Clean moulds with hot soapy water and a soft sponge & dry thoroughly (preferably leave for 5-10 hours prior to use in a dry environment, to ensure moulds are completely dry).
Using a small brush or light mist spray, oil the candy moulds.
In a small bowl add leaf gelatine & half the cold water, leave for 5-10 minutes to allow the gelatine to soften and absorb the water.
In a small pan add the corn syrup, caster sugar and remaining water, bring to the boil and simmer until all sugar is fully dissolved.
Remove pan from heat and mix in the freeze-dried fruit powder until fully dispersed, add the gelatine water and citric acid return to a gentle heat, lightly stirring with only a spoon to avoid generating bubbles until gelatine has fully dissolved.
Allow to cool for 5 minutes and stirring smoothly as not to create bubbles but frequently to prevent a skin forming.
Heat for approx. 1 minute on a medium heat stirring after the first 30 seconds then every 15 seconds approx.
Remove pan from heat and allow to cool, stirring lightly but frequently taking care to not generate any additional bubbles within the mix.

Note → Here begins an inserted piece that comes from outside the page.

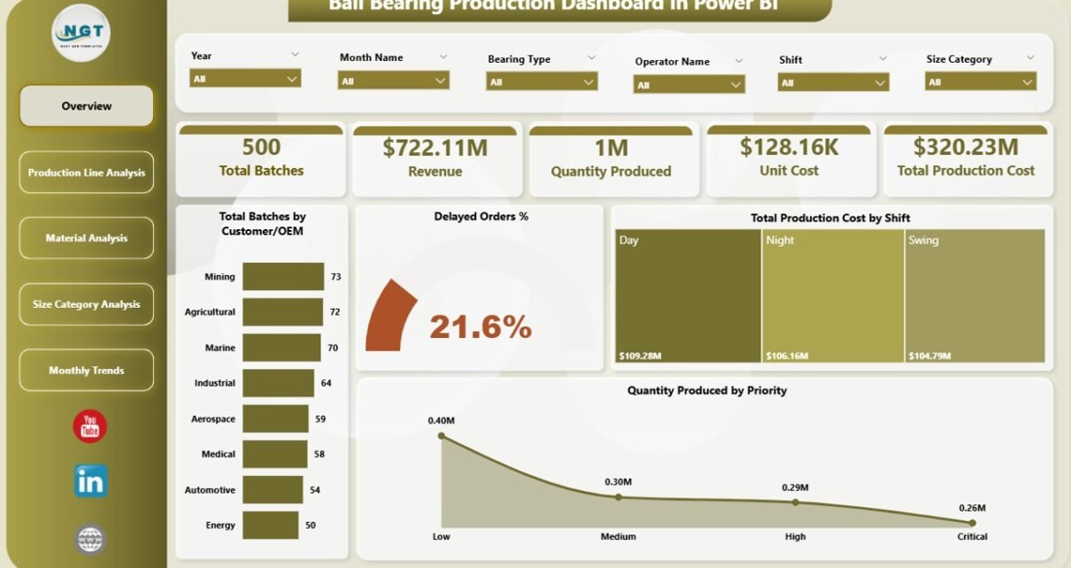A Ball Bearing Production Dashboard in Power BI is an interactive reporting tool designed to monitor and analyze manufacturing performance using real-time data.

Using a pipette or small jug fill pre oiled moulds to ¾ full, let candy sit for 30 minutes then transfer to a refrigerator for a further 30 minutes.
Remove candies from moulds and allow to stand for 48 hours then turn over and allow to stand for another 24-48 hours (until texture is to required chewiness) then transfer to an air tight container.